Keeping those blocks though will depend on the company, part of Brazilian tycoon Eike Batista's EBX Group, meeting all the conditions of its current concession contracts, Magda Chambriard, the ANP's general director told reporters in Rio de Janeiro.
OGX is reported to be considering a bankruptcy filing as it runs out of cash to bring expensive offshore oilfields on line and generate enough revenue to pay for debt and expansion. OGX's stock fell more than 90 percent in the last year after its first offshore field produced less than expected. The OGX share-price drop, along with similar losses in EBX mining, energy, shipbuilding and port shares, made it harder for Batista to raise money to keep financing his EBX start-ups.
"The rules say a company could lose its concessions in a bankruptcy filing, not that it will lose them. That means there is room to hold on to the concessions," she said. "To keep them though OGX will have to follow its obligations to the letter."
OGX owns stakes in exploration and production blocks in the offshore Campos and Santos basins as well as along Brazil's far northeastern coast. It also has on-shore fields and blocks whose primary production is natural gas.

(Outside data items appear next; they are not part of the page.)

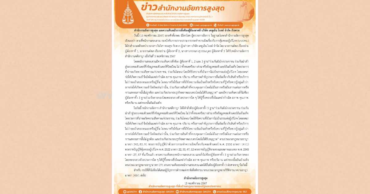 15 พ.ย. – อัยการสั่งฟ้อง “แม่ตั๊ก-ป๋าเบียร์” ร่วมกันฉ้อโกงประชาชน นำเข้าข้อมูลเท็จสู่ระบบคอมพิวเตอร์ ร่วมกันโฆษณาไม่เป็นธรรม ร่วมกันขายสินค้าควบคุมไม่มีฉลาก ร่วมกันประกอบธุรกิจตลาดแบบตรงโดยไม่ได้รับอนุญาต และไม่สั่งฟ้องร่วมกันขายของหลอกลวง
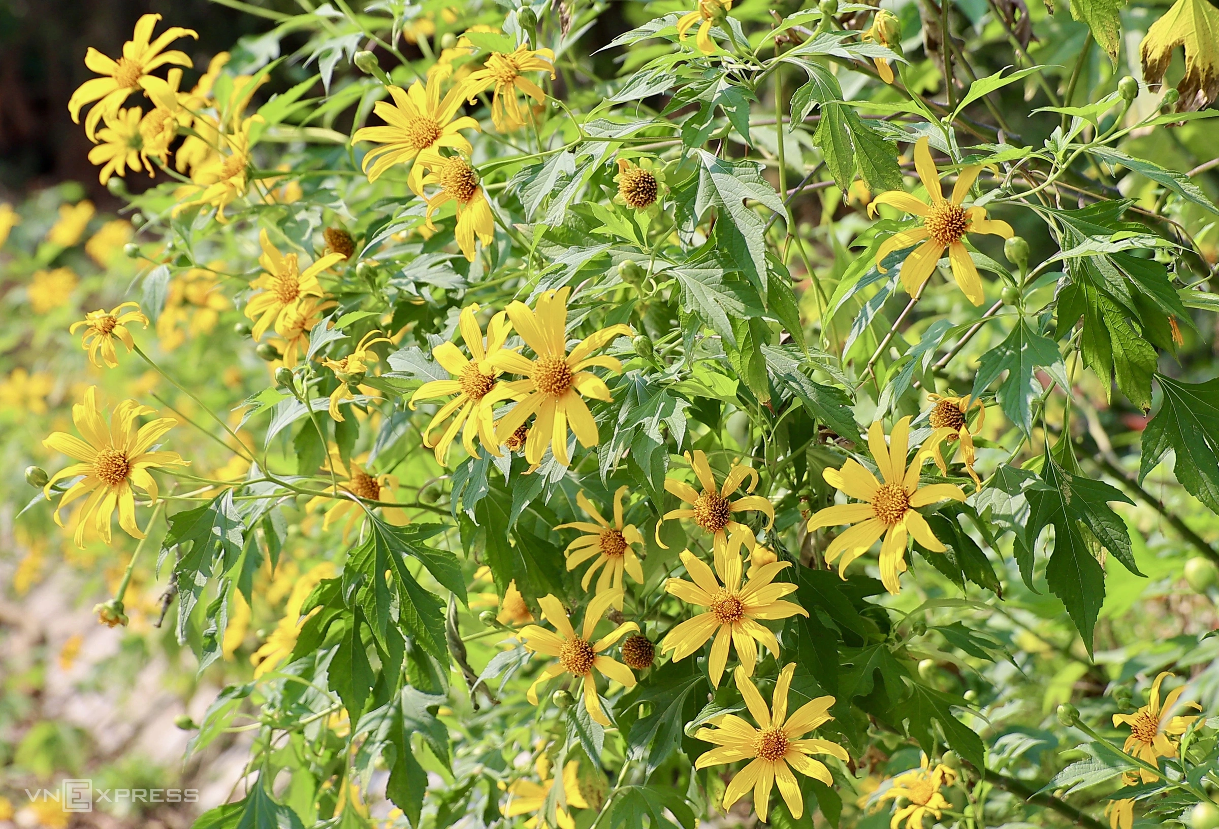Hoa dã quỳ thường bung nở trên dãy núi Tản Viên và hai bên đường dẫn lên Vườn Quốc gia Ba Vì từ đầu tháng 11 và rực rỡ trong khoảng 2-3 tuần, tùy điều kiện thời tiết.
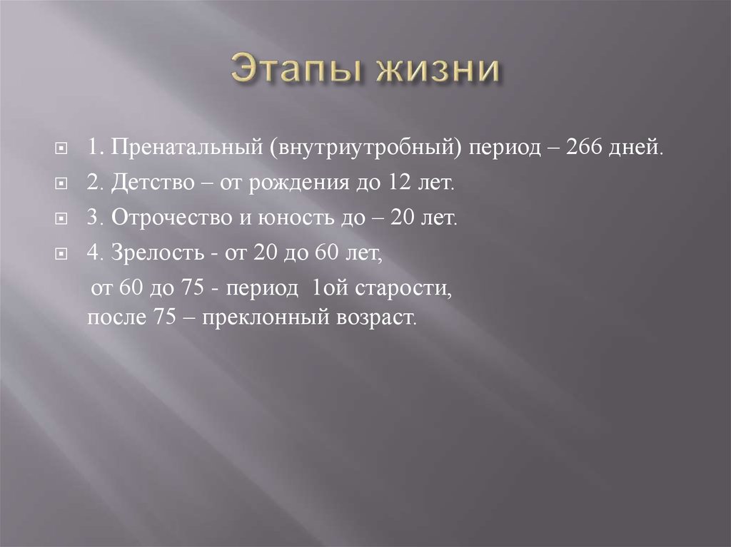 1. Пренатальный (внутриутробный) период – 266 дней.2. Детство – от рождения до 12 лет.

A loss of these blocks, particularly Tubarão Martelo where it hopes to start output in the Campos Basin next month would seriously jeopardize the company's chance to continue operating.
Under the contracts governing its use of those areas, OGX is required to meet certain minimum exploration efforts during a set time frame, to pay a royalty on production and buy a fixed percentage of its goods and services during exploration development and production.

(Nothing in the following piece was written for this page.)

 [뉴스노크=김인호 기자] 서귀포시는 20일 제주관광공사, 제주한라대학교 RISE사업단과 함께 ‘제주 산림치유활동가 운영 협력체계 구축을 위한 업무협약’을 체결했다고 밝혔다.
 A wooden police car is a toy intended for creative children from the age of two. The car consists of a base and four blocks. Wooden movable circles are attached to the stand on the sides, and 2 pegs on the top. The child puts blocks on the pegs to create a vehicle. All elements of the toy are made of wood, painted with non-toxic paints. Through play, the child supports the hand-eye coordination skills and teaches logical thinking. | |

The Tuesday ouster of OGX's Chief Executive Officer Luiz Carneiro and his replacement by Paulo Simões Amaral, has opened the door for Batista, OGX's controlling shareholder, to exit the company and for OGX to seek bankruptcy protection, Reuters reported on Wednesday.

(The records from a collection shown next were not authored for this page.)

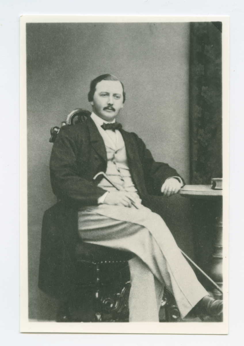 Porträtt på Hjalmar, August, Jönköping. Född 1 september år 1830 på Karstorp i Slaka i Öggestorp socken. Död 8 februari år 1905 i Jönköping.
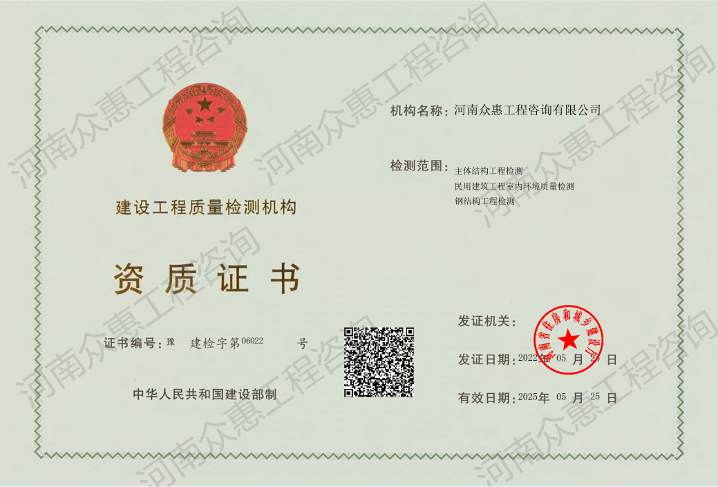 主体结构、室内环境质量检测、钢结构工程检测资质
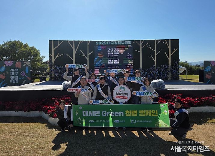 서울복지타임즈 이재연 기자 | 대구공공시설관리공단은 10월 28일 하중도에서 열린 ‘2025 대구정원박람회’ 현장에서 시민과 함께하는 ‘대시민 Green 청렴 캠페인’을 진행했다.
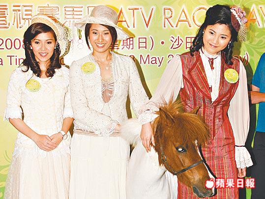 亞姐張家瑩及亞視藝人陳少霞、珈潁及戚黛黛等,昨日到跑馬地出席《亞洲電視賽馬日2008》記者會。以一身黑色紳士服裝出現的張家瑩首次以男裝示人,她笑說:「我個造型差一支士的就係魔術師。」她透露初次踏足馬場,她說:「香港係全世界賭馬最盛行嘅地方,如果有機會會試吓賭馬。」
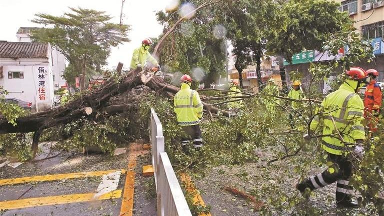 台风“桦加沙”来袭,深圳市多区发生树木倒塌、断枝阻路,深圳消防第一时间前往现场进行处置、消除障碍物。

The bankruptcy filing is now more likely because Carneiro's departure strengthens the hands of Angra Partners, the financial adviser hired by Batista to restructure the liabilities of OGX, a source with knowledge of Angra's thinking told Reuters.
Angra wants to seek bankruptcy protection to shrink the company's debts to investors and suppliers and to allow it to continue operating as an oil company in a smaller form, said the source, who declined to be named because of the sensitivity of talks between OGX and creditors.
Batista's departure would facilitate this by allowing him to arrange to give his 50.2 percent stake in OGX to bondholders for all or part of OGX's $3.6 billion of notes, a move that could show a bankruptcy judge that Batista has made serious efforts to compensate creditors.
OGX fell 4.26 percent to 0.45 real in Sao Paulo trading on Thursday.